Взяв себя в руки, Ариэль продолжила:
– Когда Джексон возглавлял министерство, он требовал от вас полной отдачи во имя Господа. И даже в его отсутствие вы продолжаете следовать этой традиции. Я знаю, что говорю сейчас от имени своего мужа, и заверяю вас: я горжусь вами.
Она подарила каждому нежную улыбку, затем глотнула еще чаю, прежде чем приступить к существу вопроса.
– К сожалению, никто из нас не ожидал такого трагического ухода Джексона. Это застало нас врасплох. Кто мог предугадать, что какой-то безумец посягнет на одного из самых преданных посланников Бога?
Раздалось приглушенное «аминь».
– Дьявол ждет, что сейчас мы отступим, начнем зализывать раны. Он рассчитывает, что мы согнемся под тяжестью столь скорбной ноши. Заставив замолчать Джексона, он думал, что заставит замолчать всех нас. – Как и было заранее отрепетировано, в этом месте она сделала стратегическую паузу. – Но дьявол недооценил нас.

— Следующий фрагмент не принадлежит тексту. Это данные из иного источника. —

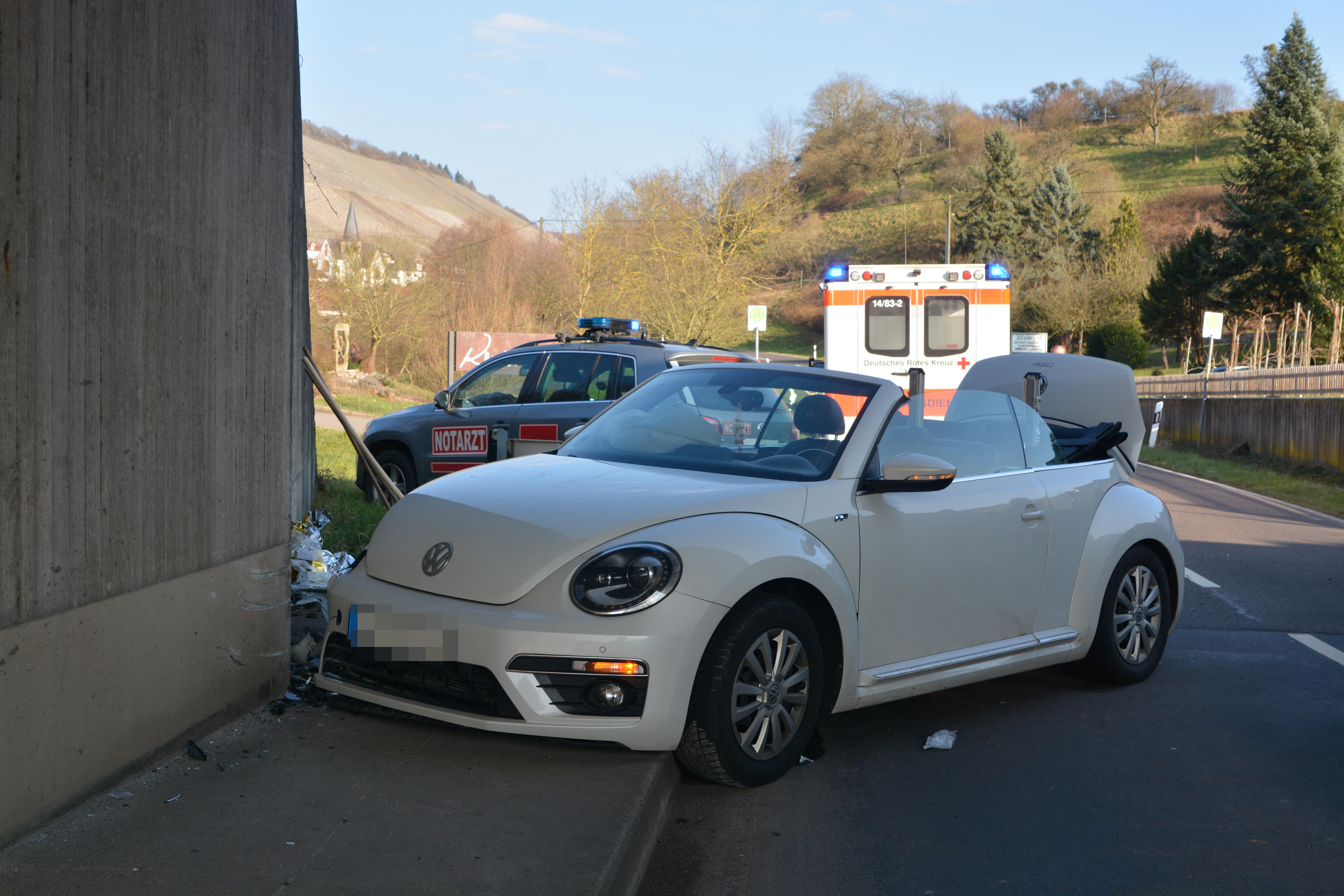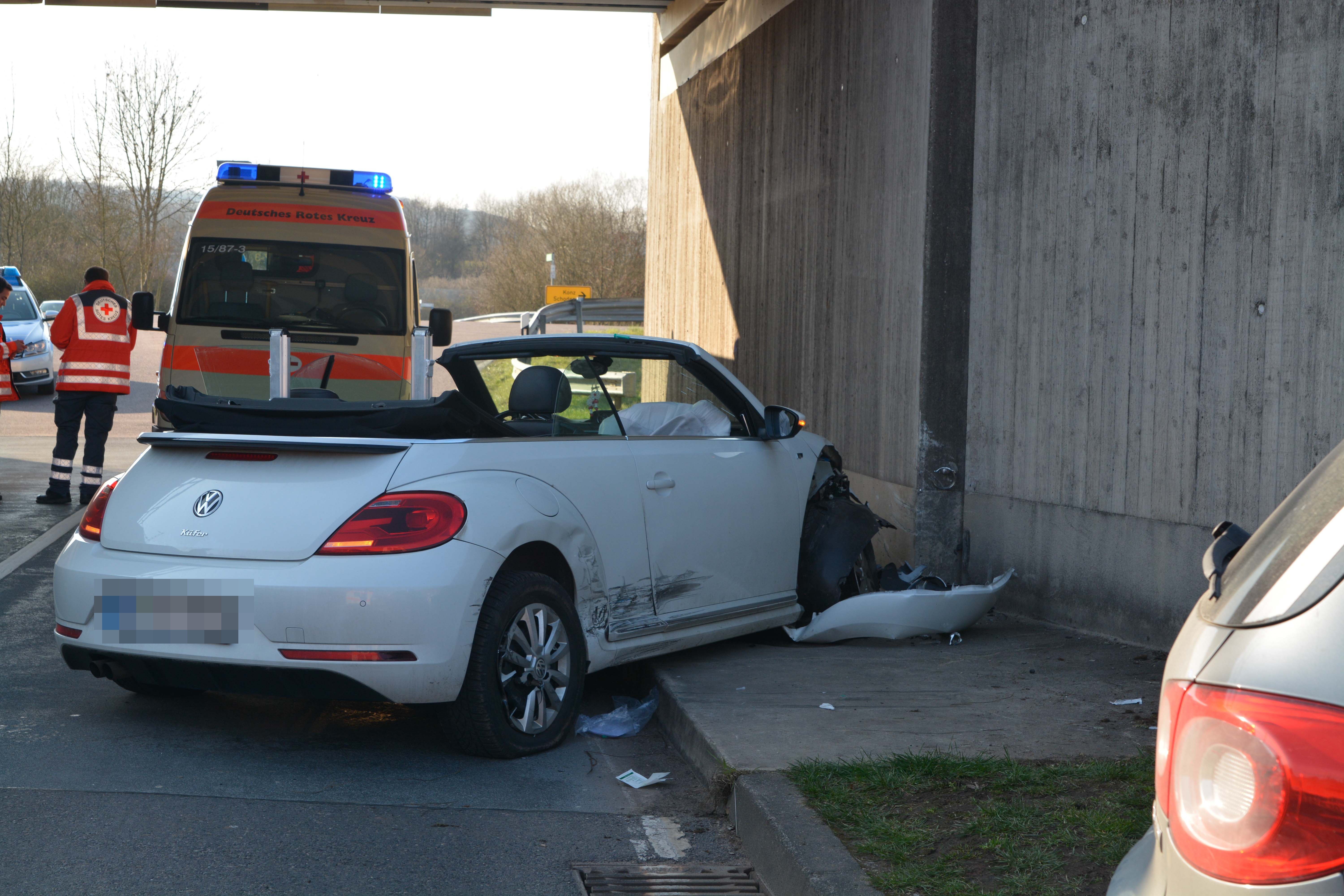 An beiden Fahrzeugen entstand erheblicher Sachschaden. Der VW Beatle musste abgeschleppt werden. Der Sachschaden an dem DB Brückenpfeiler war gering.
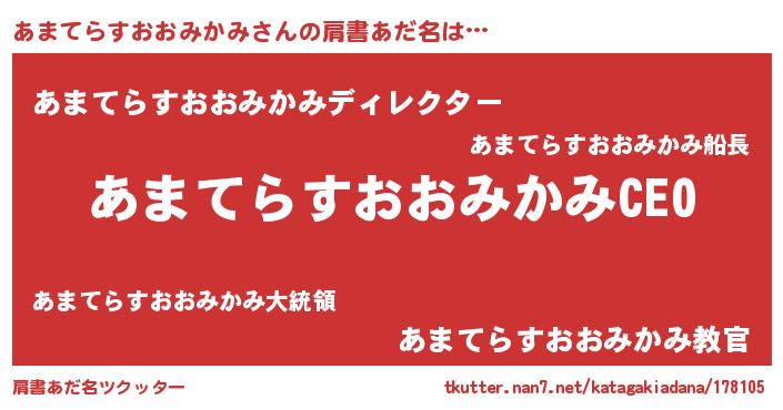 | 男性向けラノベタイトル風あだ名 | 『アマテラスオオミカミアートオンライン』 |
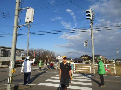 お天気はよいのですが、寒い朝。交通指導の皆さん、ありがとうございます。
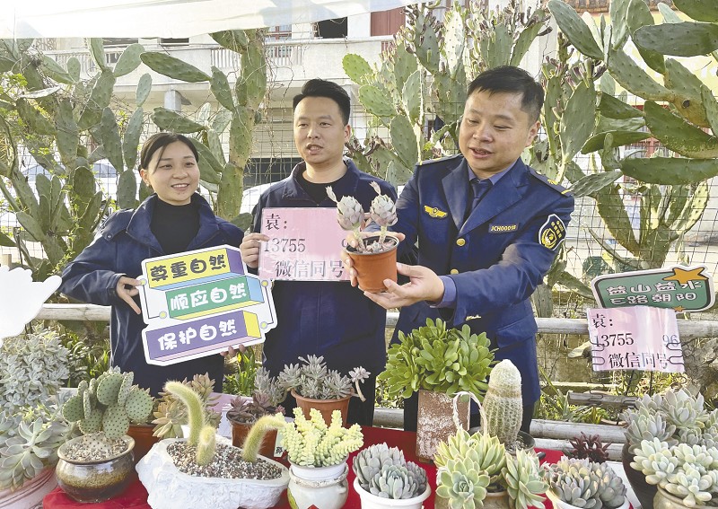 在沅江南收费站广场,工作人员还将袁立新的多肉小货柜摆到了路口一侧,并在亲手制作的简易花瓶上写下他的联系方式,向过往司乘人员进行宣传。“谢谢你们教我做电商直播,帮我拓宽了多肉销路,太感谢了!”事后,袁立新激动地比划着说。

Нас не испугать и не заставить молчать. Министерство Джексона Уайлда будет работать, как и прежде.
Обтянутые темными жилетками животы расслабились. Напряжение, царившее до этого момента в зале, спало. Пот, собравшийся в нахмуренных бровях, начал испаряться. Облегчение если и не прорвалось наружу, то легко угадывалось в просветлевших лицах.
Ариэль еле сдержала самодовольную улыбку. Теперь-то они были у нее в руках. Они, конечно, могли считать себя посланниками Господа. Несомненно, некоторые искренне верили в святость их миссии.
Но все они были мужчинами, и никто из них не был чужд слабостей, присущих каждому потомку Адама. Все опасались за свое будущее. В полной уверенности, что Ариэль объявит о роспуске министерства, они молились о чуде. Только что она подарила им это чудо.
Но, как и положено, нашелся среди них один скептик.
– Как, Ариэль? – спросил вечно сомневающийся Томас. – Я имею в виду, без Джексона как мы реально можем продолжать наше дело? Кто будет читать проповеди?
– Я.
Все в изумлении уставились на нее, ошеломленные таким поворотом событий. Было очевидно, что в способности Ариэль мало кто из них верил. Она слегка тряхнула головой, и ее платиновые волосы заструились по плечам. Во всем ее облике чувствовалась решимость и уверенность в собственных силах.
– Я, то есть мы… думали, что следовало бы пригласить нового проповедника.
– Что ж, все вы ошибались, – мягко сказала Ариэль. – Вот почему я и созвала это совещание – чтобы сразу посвятить вас всех в свои планы и уже больше не повторяться.
Она сцепила руки, положив их на стол. От ее еще недавней хрупкости не осталось и следа, теперь в ней чувствовалась неукротимая жизненная сила. Еще несколько минут назад едва мерцавший в ее глазах блеск сменился бушующим пламенем.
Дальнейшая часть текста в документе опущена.